The corporate says it hopes to open-source future variations of Muse, however for now the code stays inside Meta. The tech large’s inventory climbed almost 9% on Wednesday following the announcement, and completed the buying and selling day up 6.5% to a worth of $612.42.
“Considering mode” makes use of parallel agent orchestration to push the mannequin’s ceiling larger. In that configuration, Muse Spark hit 58% on Humanity’s Final Examination and 38% on FrontierScience Analysis—territory that makes it aggressive with essentially the most succesful variations of Gemini and GPT, somewhat than their commonplace releases.
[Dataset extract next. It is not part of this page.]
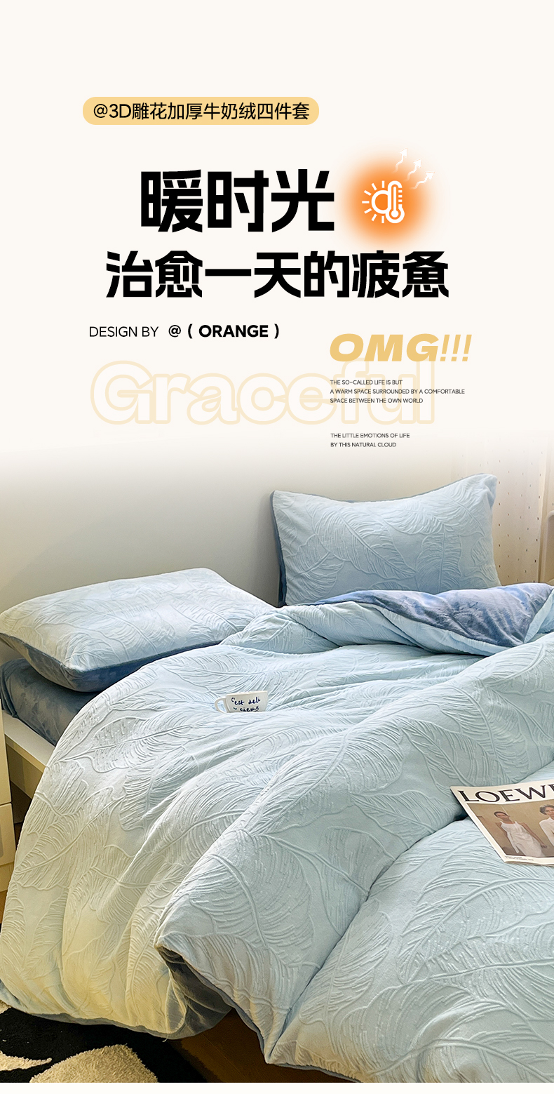 (总)如一 2025年3D立体雕花牛奶绒四件套,芭蕉叶-白咖,花漾-粉,编织纹-天蓝,繁花-粉,编织纹-白咖,缤纷-粉,编织纹-白橘,繁花-天蓝,花漾-黄,华夫格白,华夫格黄,肌理纹-杏,千鸟格粉,千鸟格灰,编织纹-粉,编织纹-灰,芭蕉叶蓝,编织纹-蓝灰

Meta can also be rolling out a purchasing assistant that compares merchandise and hyperlinks on to purchases, and plans to deliver Muse Spark to Fb, Instagram, and WhatsApp within the coming weeks—following the identical script applied since Llama 3, placing it in entrance of greater than 3.5 billion customers. A non-public API preview is opening to pick out builders.
The mannequin was in-built 9 months, internally codenamed Avocado, with Meta claiming that its new pretraining stack can attain the identical functionality stage as Llama 4 Maverick utilizing over 10 instances much less compute.
Muse Spark is described internally as a “small and quick” first step within the Muse household. A extra succesful model is already in improvement.
Day by day Debrief Publication
Begin every single day with the highest information tales proper now, plus unique options, a podcast, movies and extra.